И Каржоль, взявшись за шапку, направился было решительными шагами из комнаты, но генерал заступил ему дорогу и стал, вместе с офицерами, между ним и дверью.
— Нет-с, вы не выйдете отсюда, не порешивши, — заявил он графу настойчиво и твердо.
— Но что ж это!.. Опять насилие! — расставив руки и чуть не плача, — взмолился Каржоль к Закаталову.
— Эх, граф, извините меня, я вас право не понимаю! — с дружески досадливой укоризной стал уговаривать его последний. — Ну, и чего тут ломаться? Человек вы холостой, свободный, ну, увлеклись, положим — кто Богу не грешен!.. Но вам представляется случай исправить свое увлечение. В чем же дело? Над чем тут думать-то еще?.. Как честный человек, — конечно, тут нет иного выхода, — вы должны жениться.

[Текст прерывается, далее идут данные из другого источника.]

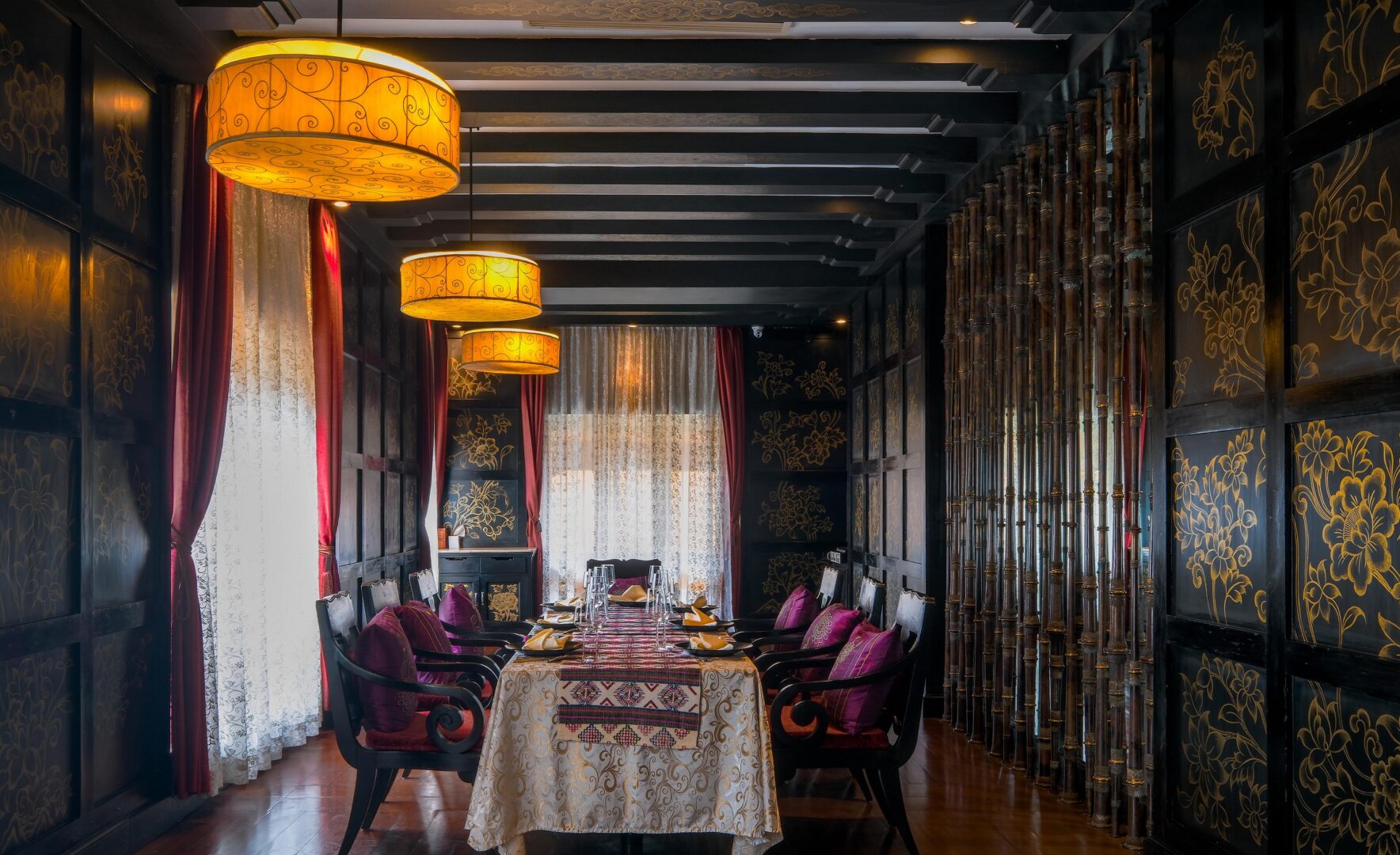 Pemako Thimphu is a centrally located luxury hotel in the middle of Bhutan's capital city. Its 66 rooms are adorned with traditional art and hand-drawn murals, and have amenities such as WiFi, warm wooden accents, and views over the city and mountains. The hotel's restaurants feature both International and Bhutanese cuisine, and guests can enjoy both a cocktail and tea bar. There's also a Bhutanese spa, a gym,

— Но я… я ведь и не отказываюсь… Я готов… чего ж еще хотят от меня!? — оправдывался Каржоль, окончательно, что называется, припертый к стене. — Я прошу только дать мне время — не сейчас же я буду венчаться!
Нет, сейчас, сейчас, — замотал на него головой и замахал руками полицеймейстер. — Именно сейчас, сию минуту! Надо эту историю кончать сегодня же. Раз вы уже решились — медлить нечего.
— Но позвольте, сегодня уже поздно, полагаю?
— Это не ваша забота, мы за вас уже тут позаботились обо всем. Еще и восьми нет, — успеем!
— Однако, надо же приготовиться? Нельзя же так!..
— Все, все, все уже готово. Об этом не беспокойтесь, все уже заранее, говорю, приготовлено, остается только сесть и ехать в церковь. Тройки во дворе, — не будем терять времени.
Каржоль даже рот разинул от удивления и обвел всех вопрошающим взглядом, точно бы желая удостовериться, не морочат ли его, в самом деле?
— Вы меня изумляете, Авенир Адрианович, — обратился он, пожав плечами, к Закаталову, — ей-Богу, все это на мистификацию какую-то похоже… Нельзя ли отложить хоть до завтра, по крайней мере?!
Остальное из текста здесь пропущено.